EXERCISE BRIEF>
Retype the data below exactly, skipping pictures.

COLLECTED DATA>
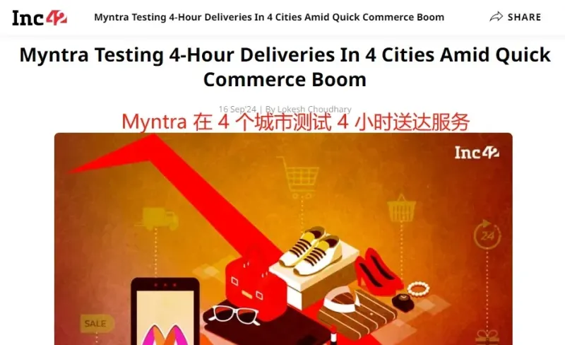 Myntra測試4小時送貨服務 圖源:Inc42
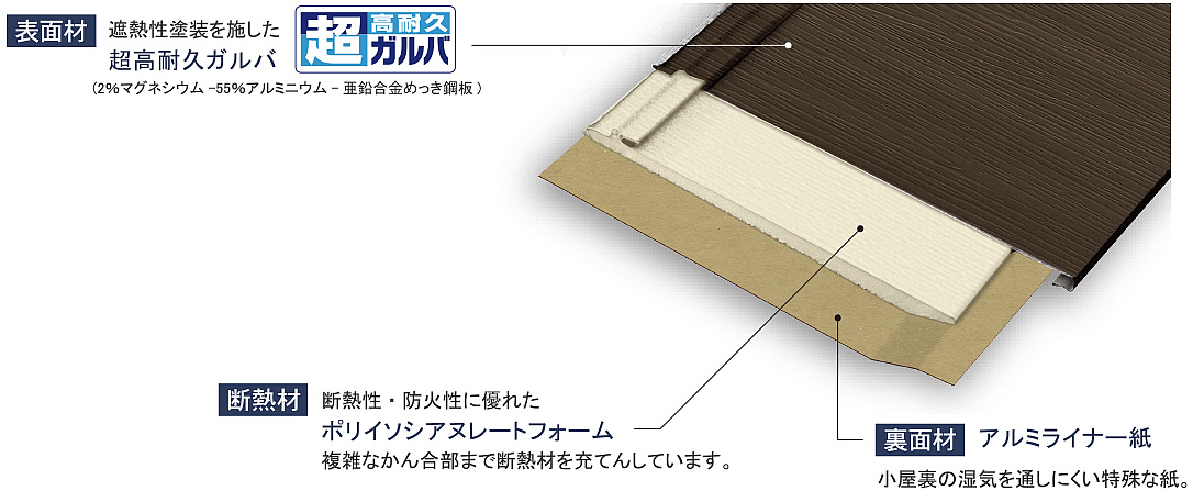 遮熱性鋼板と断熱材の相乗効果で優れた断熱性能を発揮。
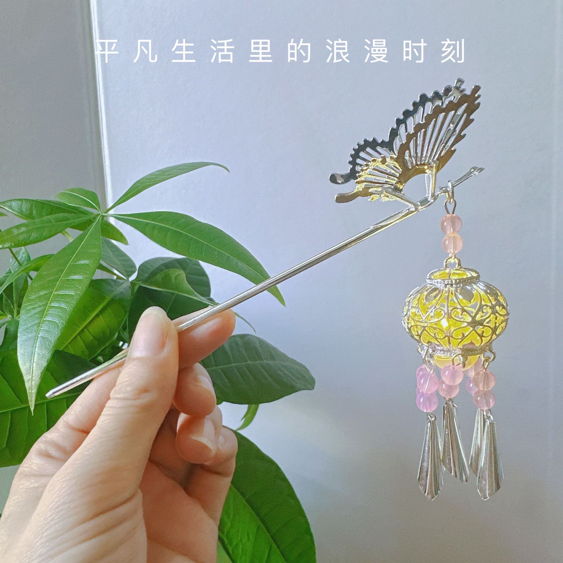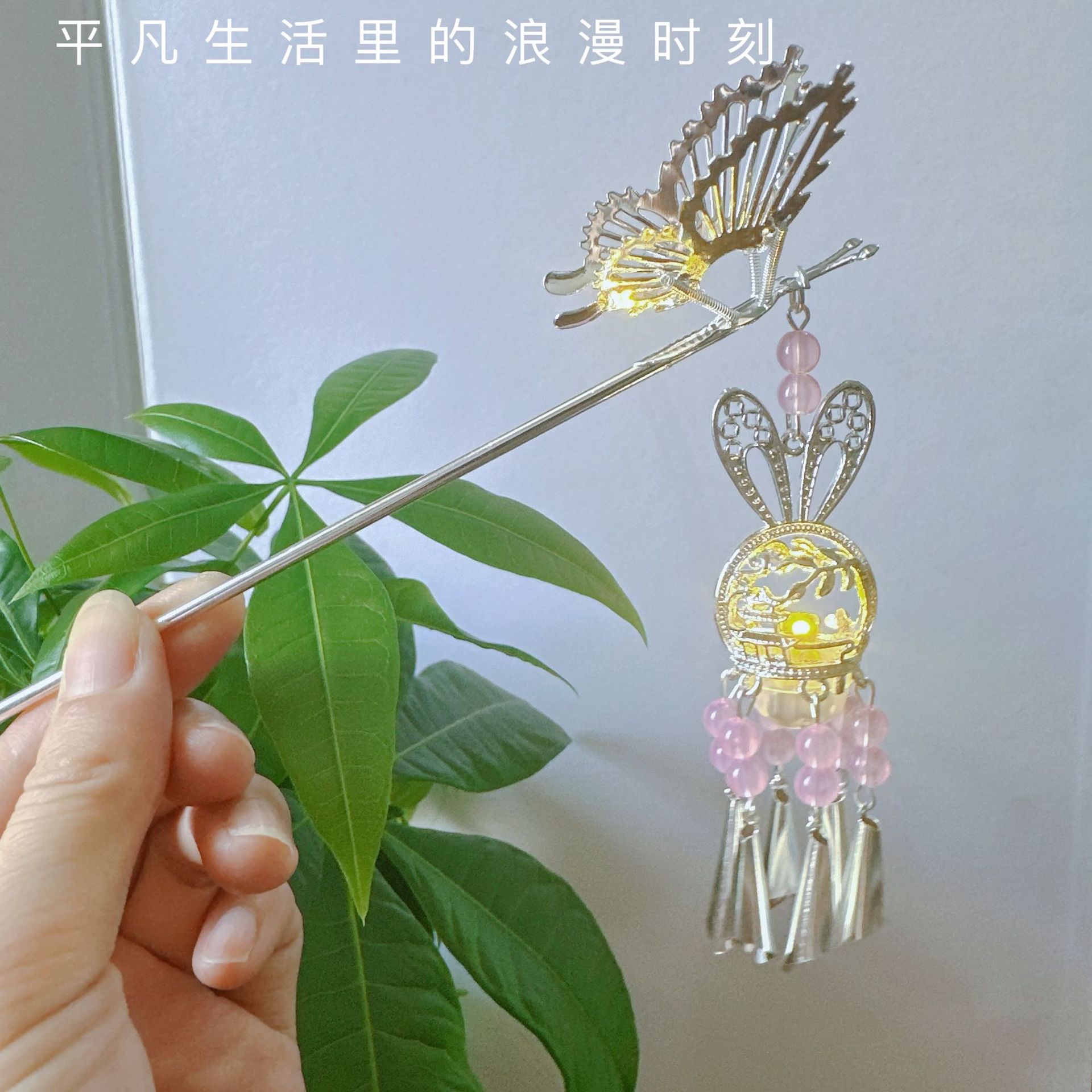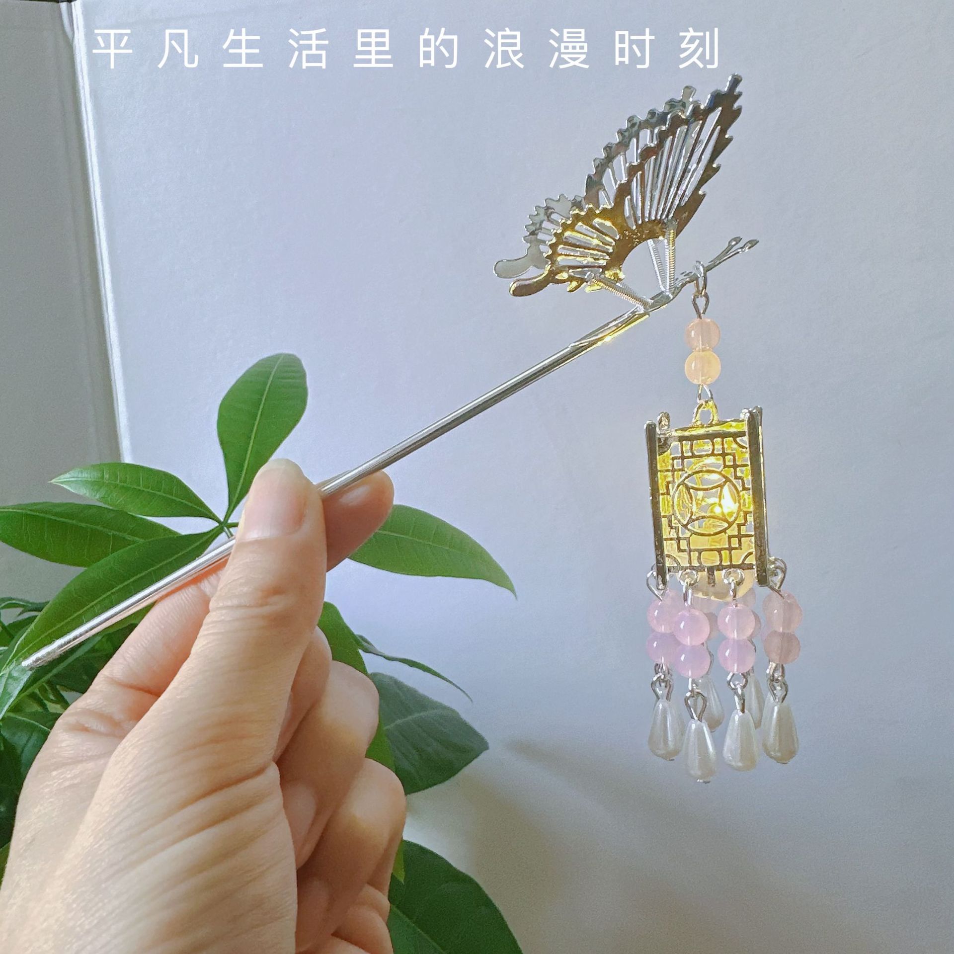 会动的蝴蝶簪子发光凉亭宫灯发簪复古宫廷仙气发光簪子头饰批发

RESPONSE TO THIS EXERCISE>
 Myntra測試4小時送貨服務 圖源:Inc42
 遮熱性鋼板と断熱材の相乗効果で優れた断熱性能を発揮。
 会动的蝴蝶簪子发光凉亭宫灯发簪复古宫廷仙气发光簪子头饰批发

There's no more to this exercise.